Fact: The interest rate has never been so low
Today, around 1.8 million people have student loans. The interest rate for student loans in 2022 is 0 percent. Historically, the interest rate has never been this low.
For driving license loans and for home equipment loans, the interest rate is slightly higher, at 1.5 percent. For refunds, the interest rate is 2.03 percent over the next year, a reduction from 2021.
The interest rate for student loans is calculated on the average borrowing cost for the state over the last three calendar years. The state also subsidizes the interest that the individual pays with 30 percent.
Source: CSN
If it feels like the increased interest costs are already taking a toll on your wallet, it’s time to call for more interest rate hikes.
The interest rate on the student loan will also increase next year, according to CSN’s latest forecast. Something that will make the previously very favorable interest rate on the student loan – which this year is at a historically low zero percent – significantly higher.
“If the interest rate is raised, so is the interest rate on the student loans,” says Jan Söderholm, who is head of the finance department at CSN.
But how large an interest rate increase can you then expect? According to CSN, the total interest rate could end up at 0.64 percent, from today’s zero interest rate. For a former student with an average debt, i.e. of SEK 166,000, this would then mean an increase in interest costs of SEK 88 per month or just over a thousand Swedish kronor per year.
Must cover losses
And there are two different parts that will contribute to the increase.
The first thing that will contribute to the increase is a new interest calculation model for the student loans taken out after 1989. The government has proposed that the interest rate should be increased by about 0.5 percentage points starting in 2023 to cover the credit losses of those who do not repay their CSN loan.
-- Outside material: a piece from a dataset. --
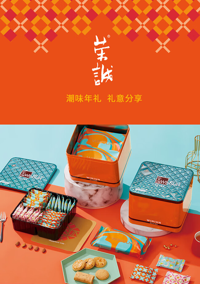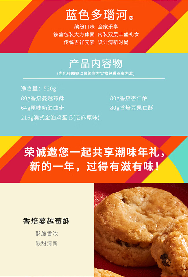 荣诚(Winsun) 荣诚蓝色多瑙河新版年货礼盒杏仁酥奶油曲奇蔓越莓酥鸡蛋卷零食
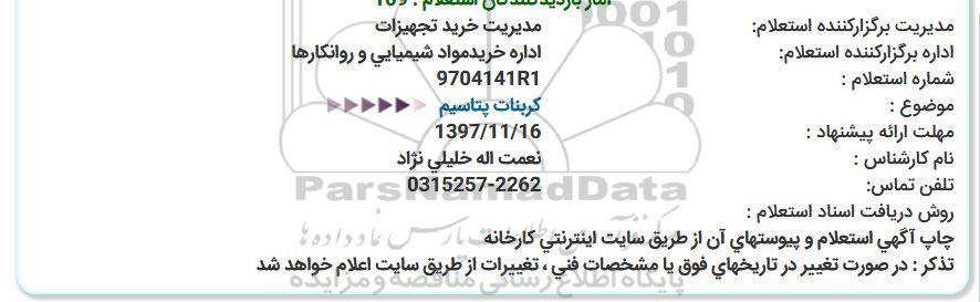 استعلام کربنات پتاسیم , استعلام ,استعلام کربنات پتاسیم

Today, therefore, the state is responsible for the costs of the student loans that are not repaid, and the government now wants to change that. The decision on this is expected to be made in connection with the budget bill this autumn, according to Jan Söderholm.
Raise the forecast
Then there are also annual adjustments when it comes to the interest on the student loan, which is linked to the government’s loan cost over the last three years. The government decides on these.
According to CSN’s latest forecast, this increase will account for 0.14 percentage points of the interest rate increase, including the 30 percent government subsidy on student loan interest rates.
— The base rate is linked to the market rate and is a calculation of the government’s borrowing cost. So if you combine these two (the new interest calculation model that is being introduced and the increase in the basic interest ed. note) you get the interest that will affect the customer, says Jan Söderholm.
CSN’s forecast has been adjusted upwards since the last forecast from April, when the base rate was instead calculated at 0.06 percent including subsidy.